***** Source material
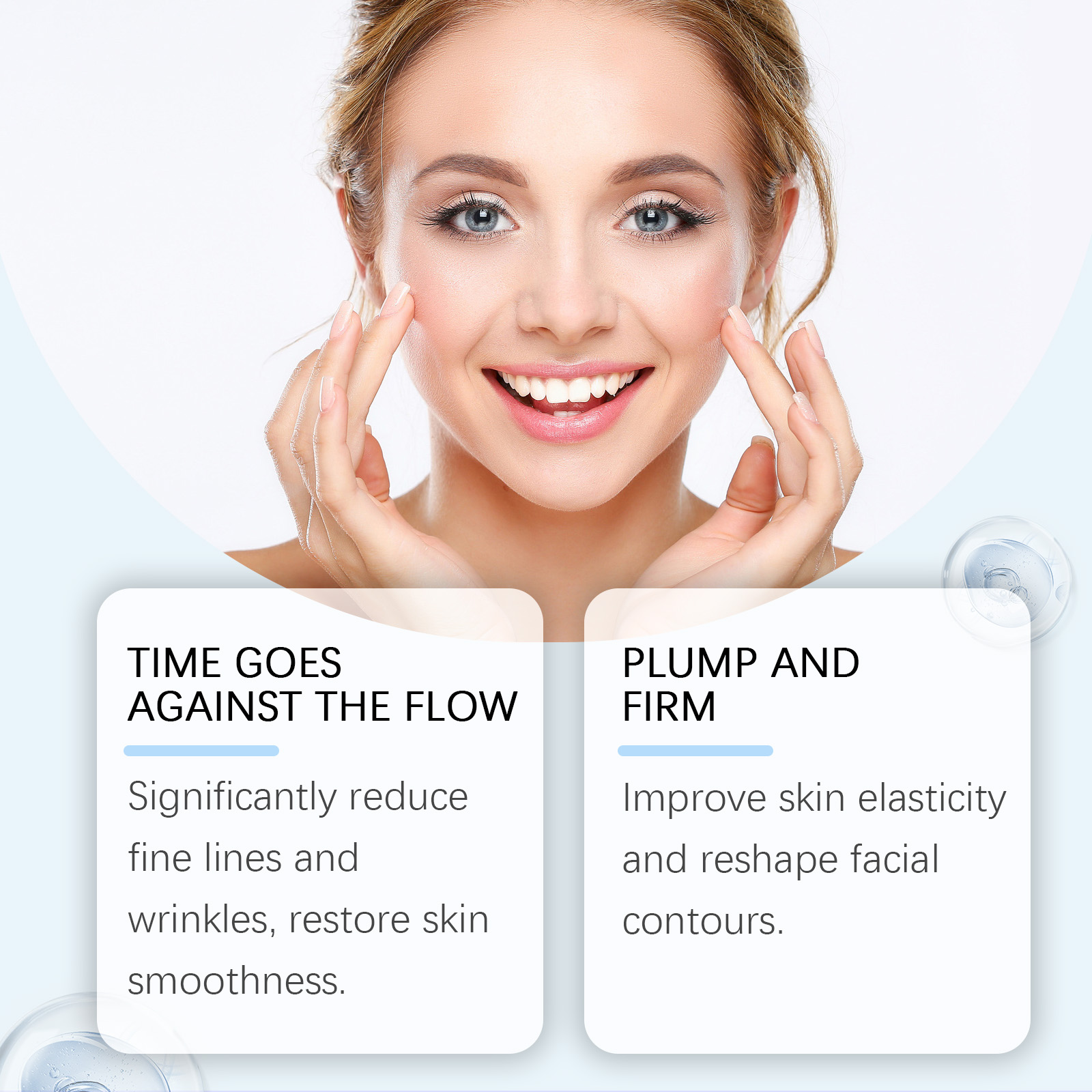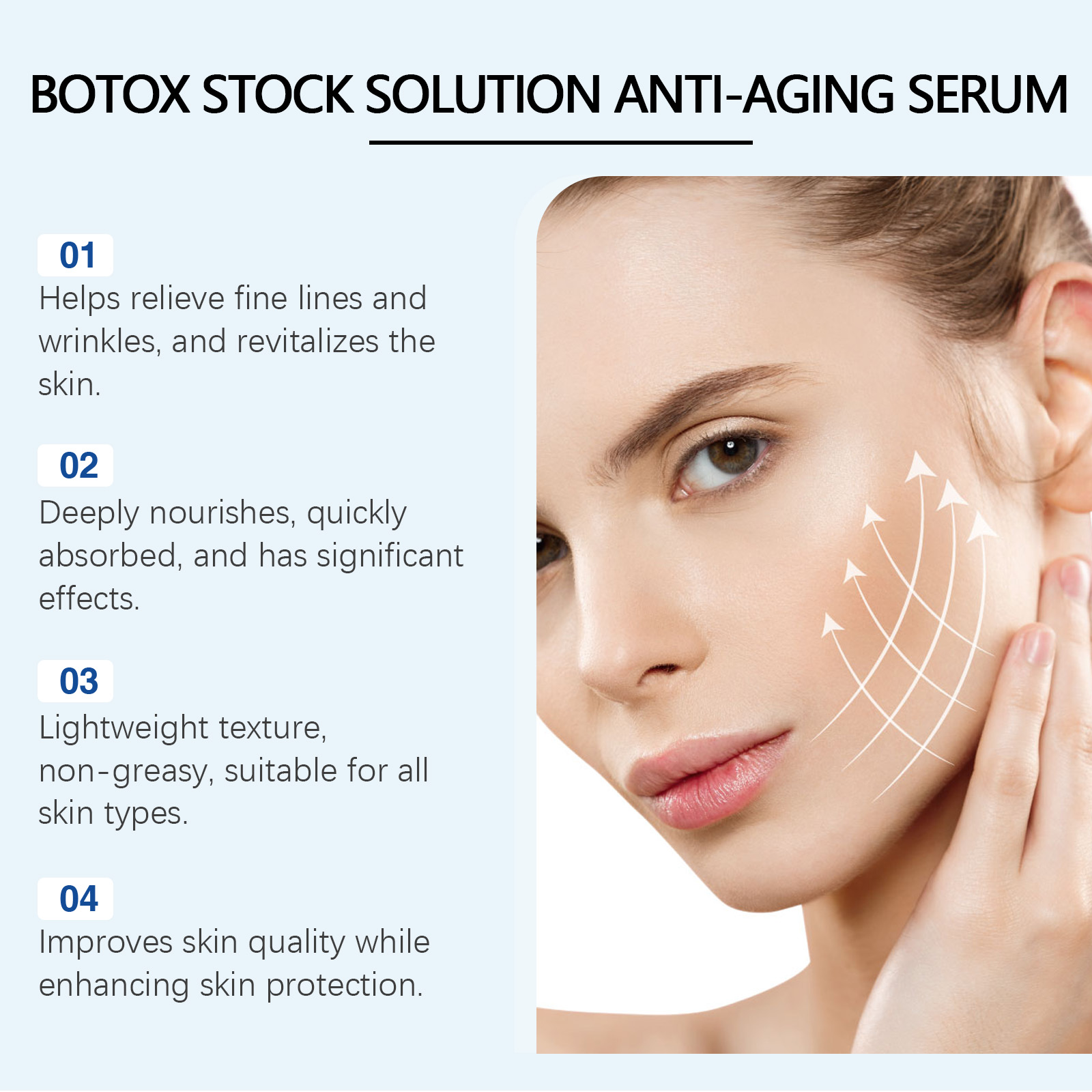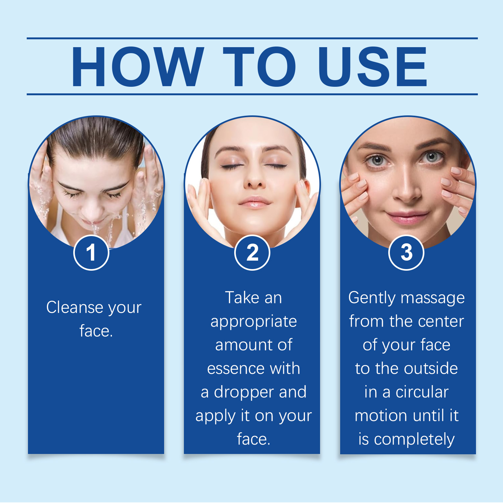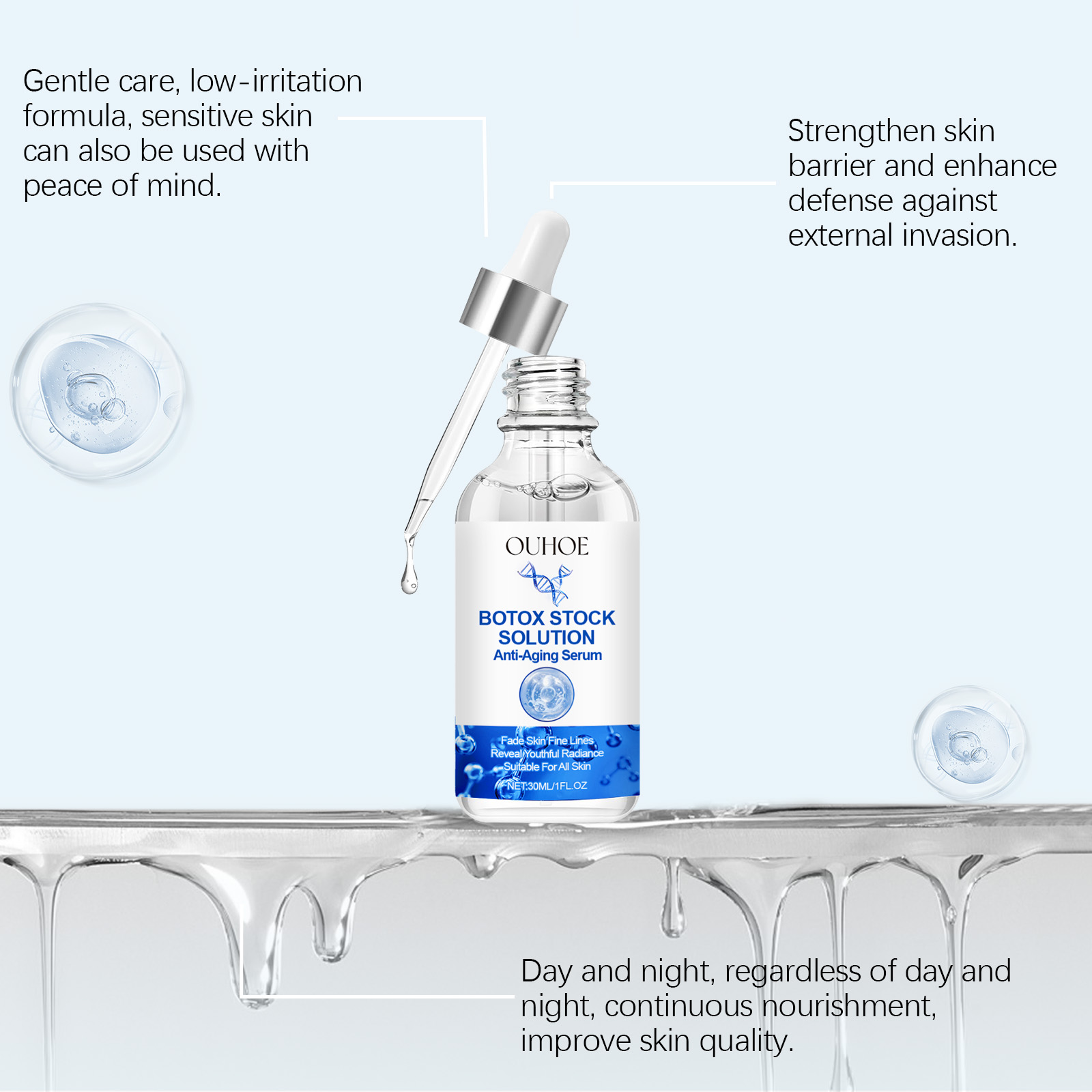 Our facial essence contains nicotinamide and vitamin C. It can deeply hydrate, lock in moisture for a long time, and make the skin plump and bright. Lock in moisture throughout the day, keep the skin tender, smooth and bid farewell to dryness. Its usage method is very simple: Clean your face, take an appropriate amount of essence with a dropper and apply it to your face. Gently massage in circular motions from the center of the face to the outside until it is completely done. And it can improve skin elasticity and reshape facial contours.
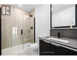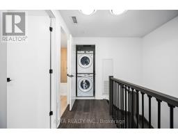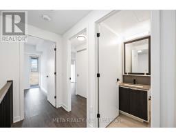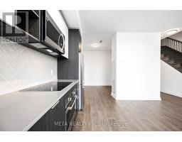 Experience elevated living in this beautifully designed 2-storey townhouse offering over 1,000 sq. ft. of sophisticated, thoughtfully curated space. The main level features a spacious enclosed den (9.7 ft x 7.6 ft) with a door for privacy, ideal as a third bedroom, executive home office, or private guest retreat.Designed for both comfort and functionality, the home offers two full bathrooms plus a stylish main-floor powder room. The modern kitchen is appointed with full-size appliances, sleek cabinetry, and ample prep space-perfect for everyday living and entertaining alike.Enjoy the rare convenience of dual access with a private street-facing front entrance and rear entry through the condominium building, allowing seamless access to premium amenities. The approximately 100 sq. ft. private front patio provides an intimate outdoor retreat, ideal for morning coffee or evening relaxation.Underground parking is included. Situated in a prime location with immediate access to transit and major highways, this residence blends urban convenience with upscale comfort.Residents enjoy an exceptional array of amenities including a state-of-the-art fitness centre, outdoor pool, landscaped patio with fire pit, concierge service, security, guest suites, party room, and a direct shuttle bus to the subway station.A rare opportunity to own a newer luxury townhouse in a highly sought-after community. The property will be professionally cleaned prior to closing, and noted deficiencies-including the den ceiling and flooring-will be fully repaired before closing. (id:47351)
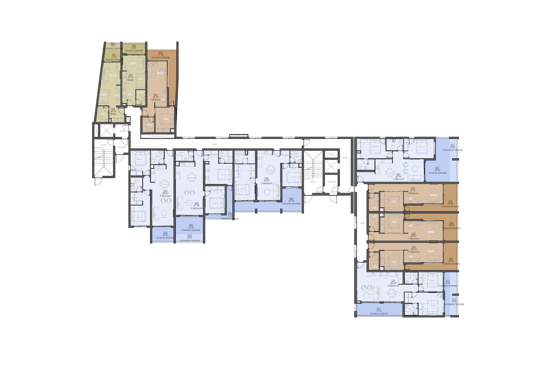 | 504 + 505 | Apartment | 5 | - | 4 | 4 | Communal | 171 | 27 | 6 | 204 | - | - | - | |
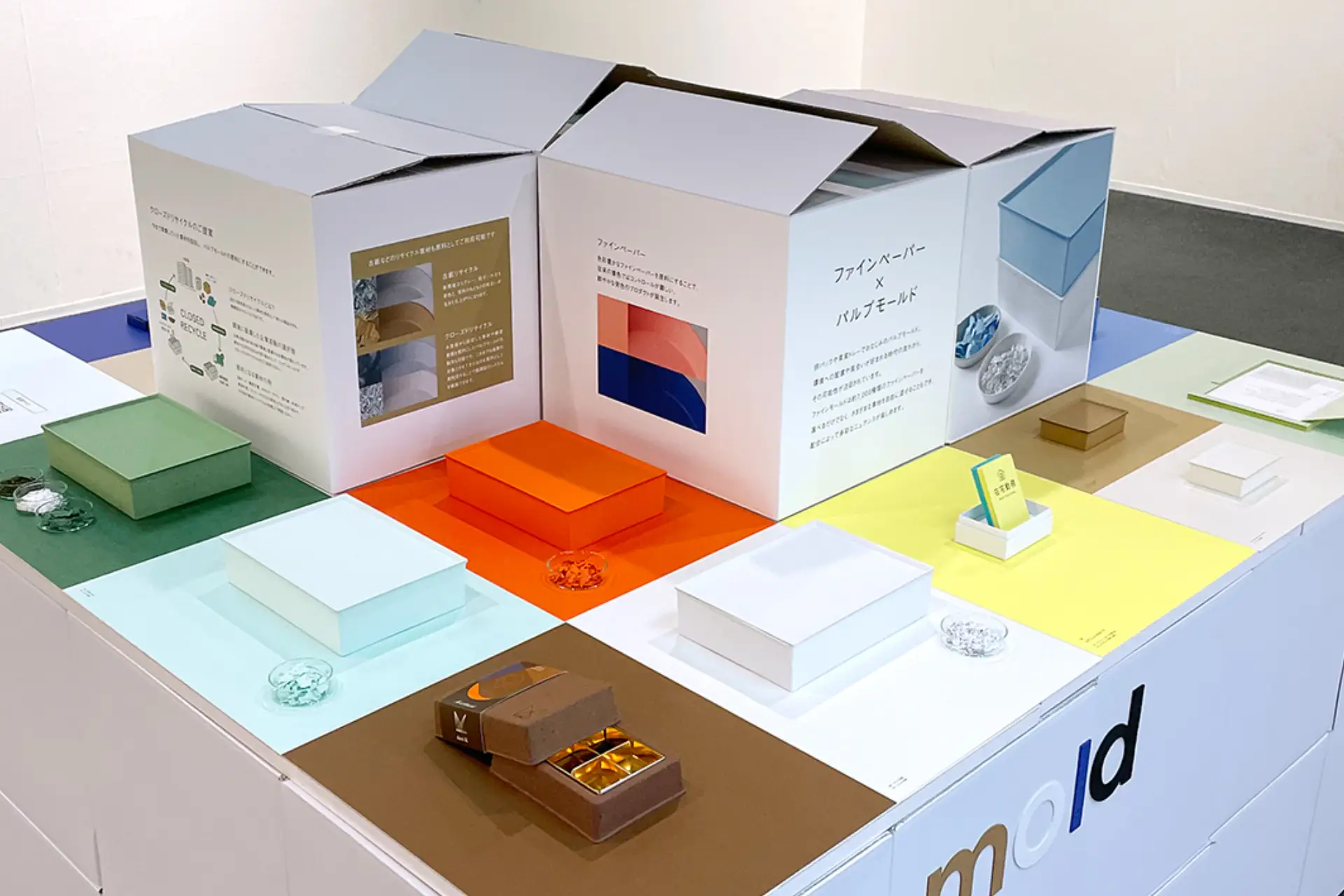 竹尾は会場の一角で、2つのパッケージ素材「ファインフルート」「ファインモールド」をご紹介いたします。
**********
- **What you should do**
Output only these lines, word for word: the line containing "Experience elevated living" and every line after it through the last line of the data. Omit the pictures.

- **Task answer**
 Experience elevated living in this beautifully designed 2-storey townhouse offering over 1,000 sq. ft. of sophisticated, thoughtfully curated space. The main level features a spacious enclosed den (9.7 ft x 7.6 ft) with a door for privacy, ideal as a third bedroom, executive home office, or private guest retreat.Designed for both comfort and functionality, the home offers two full bathrooms plus a stylish main-floor powder room. The modern kitchen is appointed with full-size appliances, sleek cabinetry, and ample prep space-perfect for everyday living and entertaining alike.Enjoy the rare convenience of dual access with a private street-facing front entrance and rear entry through the condominium building, allowing seamless access to premium amenities. The approximately 100 sq. ft. private front patio provides an intimate outdoor retreat, ideal for morning coffee or evening relaxation.Underground parking is included. Situated in a prime location with immediate access to transit and major highways, this residence blends urban convenience with upscale comfort.Residents enjoy an exceptional array of amenities including a state-of-the-art fitness centre, outdoor pool, landscaped patio with fire pit, concierge service, security, guest suites, party room, and a direct shuttle bus to the subway station.A rare opportunity to own a newer luxury townhouse in a highly sought-after community. The property will be professionally cleaned prior to closing, and noted deficiencies-including the den ceiling and flooring-will be fully repaired before closing. (id:47351)
 | 504 + 505 | Apartment | 5 | - | 4 | 4 | Communal | 171 | 27 | 6 | 204 | - | - | - | |
 竹尾は会場の一角で、2つのパッケージ素材「ファインフルート」「ファインモールド」をご紹介いたします。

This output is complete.